Start by preparing the crust. Combine all of the crust ingredients in a large bowl and mix them well.
Line a square baking pan with parchment paper and grease it with coconut oil.
Transfer the crust ingredients to the baking pan. Use a spoon or the flat bottom of a cup to press down on the crust to create a level bottom.
Bake the crust for 15-20 minutes at 350*F, until the edges of the crust are golden brown. Remove from the oven and allow it to cool at room temperature.

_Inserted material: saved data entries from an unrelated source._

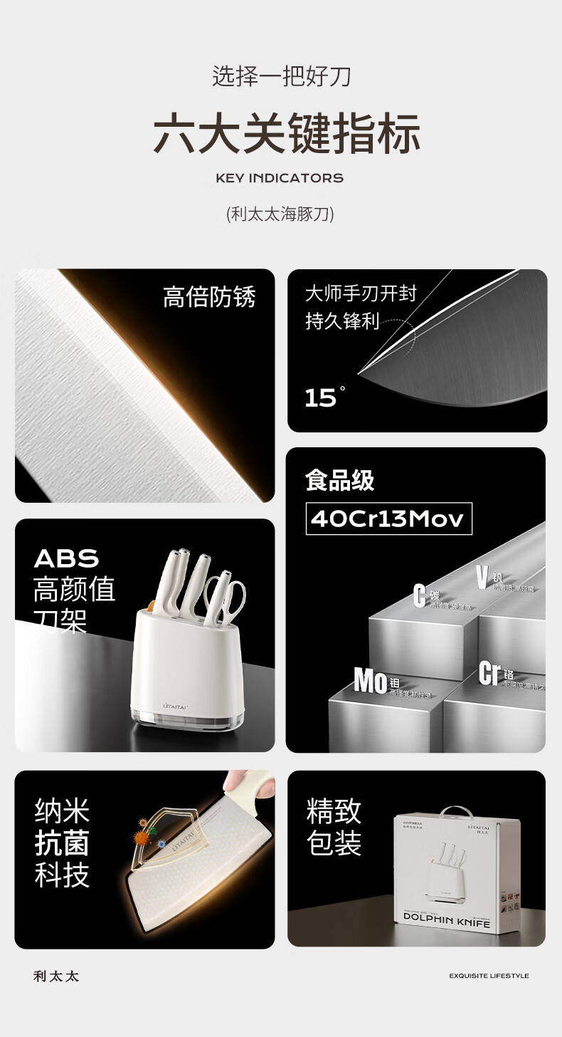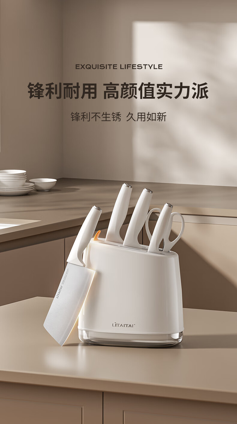 Mrs. Lee household kitchen knife set three-piece set of 5 complete set of women's food supplement bone chopping knife and cutting board two-in-one light luxury 80% cost-effective customer choice 7-piece set
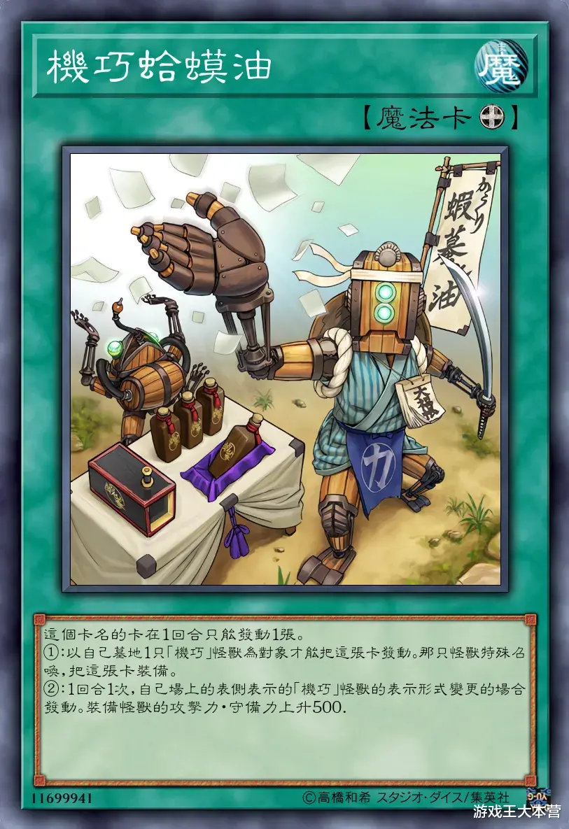 ②:1回合1次,自己场上的表侧表示的「机偶」怪兽的表示形式变更的场合必定发动。自己从卡组抽1张。
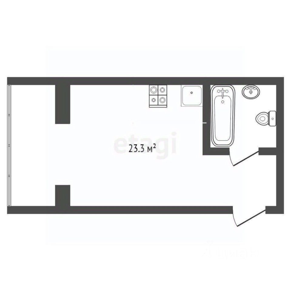 К продаже представлена уникальная студия площадью 23,3 кв. м с террасой, которая расположена в новом малоэтажном жилом комплексе Verno в районе Гилевской рощи.
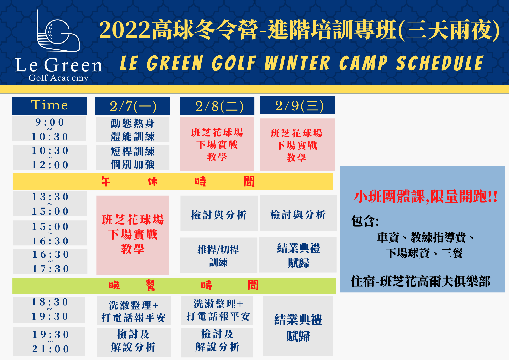 冬令營|小班制團體課程|兒童才藝 [樂果嶺高球學院]x 2022冬令營進階異地訓練營! 輕鬆FUN寒假 X Le Green winter Camp 寒假期間開學前與小白球來場美麗的邂逅吧 今年異地訓練營安排三天兩夜的課程, 等著孩子們來一探究竟~ 課程安排豐富,訓練扎實 讓寶貝們能更進一步的成長喔~ 招生對象 👇🏻👇🏻 ✅ 5-12歲之兒童 ✅過去有上過一對一課程之兒童 ✅小班制團體課程 ✅ 遠離3C,保護眼睛 👀 課程資訊+報名請洽 LINE:@odp0694z 點我加入 專人為您服務 課程內容
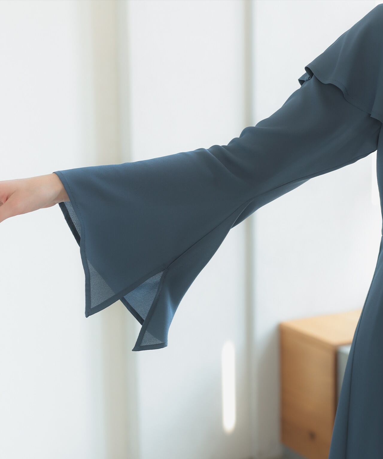 パーティードレス 結婚式 ワンピース ドレス 結婚式ドレス お呼ばれ 20代 30代 ケープ 襟付き オケージョンドレス 袖あり 長袖 フレア パーティドレス ミモレ ケープ襟 ミモレ丈 オケージョン haremode 323222
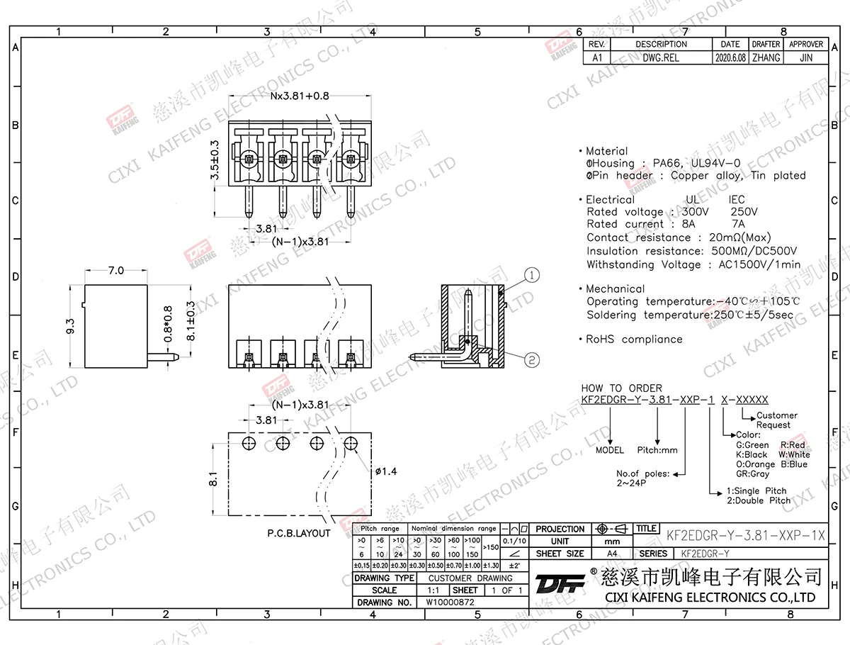 Pluggable Terminal Block MATERIAL:MATERIALScrews: -contact: -Pin header: Brass, Tin platedHousing: PA66,UL94V-0ElectricalULIECRated voltage300V 250V Rated current8A7AContact resistance20mΩInsulation resistance500MΩ/DC500VWithstanding voltage AC1500V/1minWire range-MechanicalTemp.rang-40℃~+105℃ Max.soldering+250℃,5secTorque-Strip length-
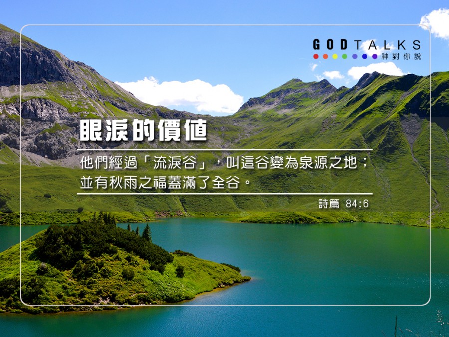 願神今天在心中對你說:孩子,我知道你的眼淚中有愁苦、憂傷,更有你的罪惡悔恨,當你經過流淚谷就變為泉源之地,可以流出喜樂,甘甜之水要結出佳美,每一滴眼淚都要變成珍珠。
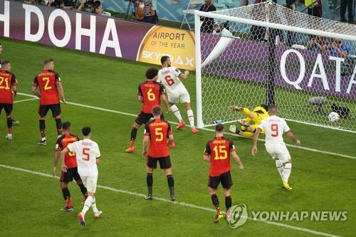 Morocco's Abdelhamid Sabiri, not in the frame, scores his side's first goal during the World Cup group F soccer match between Belgium and Morocco, at the Al Thumama Stadium in Doha, Qatar, Sunday, Nov. 27, 2022. (AP Photo/Pavel Golovkin)
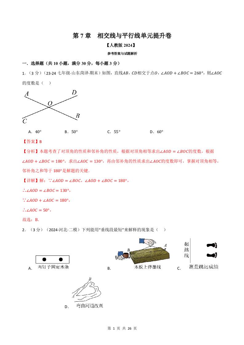 专题7.7 相交线与平行线单元提升卷(人教版2024)(解析版)

Take a fork and use it to poke holes all around the crust. Don't poke all the way to the bottom of the crust, just about halfway. This will help the crust and filling hold together better.

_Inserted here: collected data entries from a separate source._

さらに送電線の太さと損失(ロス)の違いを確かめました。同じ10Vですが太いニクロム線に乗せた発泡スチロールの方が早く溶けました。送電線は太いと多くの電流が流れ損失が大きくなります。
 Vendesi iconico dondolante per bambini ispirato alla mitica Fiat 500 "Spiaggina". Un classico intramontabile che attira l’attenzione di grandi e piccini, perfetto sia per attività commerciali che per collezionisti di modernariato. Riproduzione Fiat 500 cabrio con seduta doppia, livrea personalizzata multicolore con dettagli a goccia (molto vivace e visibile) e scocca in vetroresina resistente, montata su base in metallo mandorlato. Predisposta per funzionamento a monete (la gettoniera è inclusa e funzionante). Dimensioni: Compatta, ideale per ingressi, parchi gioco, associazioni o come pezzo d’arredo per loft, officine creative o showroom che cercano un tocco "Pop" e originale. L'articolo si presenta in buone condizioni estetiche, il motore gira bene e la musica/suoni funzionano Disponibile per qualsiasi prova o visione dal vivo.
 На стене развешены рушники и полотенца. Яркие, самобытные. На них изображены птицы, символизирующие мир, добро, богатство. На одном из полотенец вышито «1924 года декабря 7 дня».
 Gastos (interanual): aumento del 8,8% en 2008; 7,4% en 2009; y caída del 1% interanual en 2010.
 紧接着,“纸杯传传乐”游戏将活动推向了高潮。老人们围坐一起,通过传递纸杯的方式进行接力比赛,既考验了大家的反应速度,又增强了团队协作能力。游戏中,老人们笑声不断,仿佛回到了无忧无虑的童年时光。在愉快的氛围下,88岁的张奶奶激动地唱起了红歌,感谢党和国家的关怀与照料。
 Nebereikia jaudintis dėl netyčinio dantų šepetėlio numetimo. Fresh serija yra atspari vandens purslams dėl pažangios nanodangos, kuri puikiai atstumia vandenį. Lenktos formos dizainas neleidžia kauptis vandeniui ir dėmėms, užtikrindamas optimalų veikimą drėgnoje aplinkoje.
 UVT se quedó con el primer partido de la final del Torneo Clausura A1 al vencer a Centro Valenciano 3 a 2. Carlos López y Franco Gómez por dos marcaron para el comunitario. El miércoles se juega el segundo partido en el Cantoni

While the crust is cooling, prepare the lemon filling.
To a blender, combine the coconut cream, cashews, lemon juice and zest, maple, sugar, vanilla, cornstarch, salt, and turmeric. Blend until super smooth and creamy.
Transfer the lemon filling to a saucepan over medium heat. Stir continuously and cook for 4-6 minutes, until the mixture starts to significantly thicken and darken in color.
Once the lemon filling has thickened, pour it on top of the crust and level the top using a spatula.
Refrigerate the lemon bars overnight, or for at least 4-6 hours, until the filling hardens fully.
Once they are ready, slice the bars, dust some powdered sugar on top, and enjoy!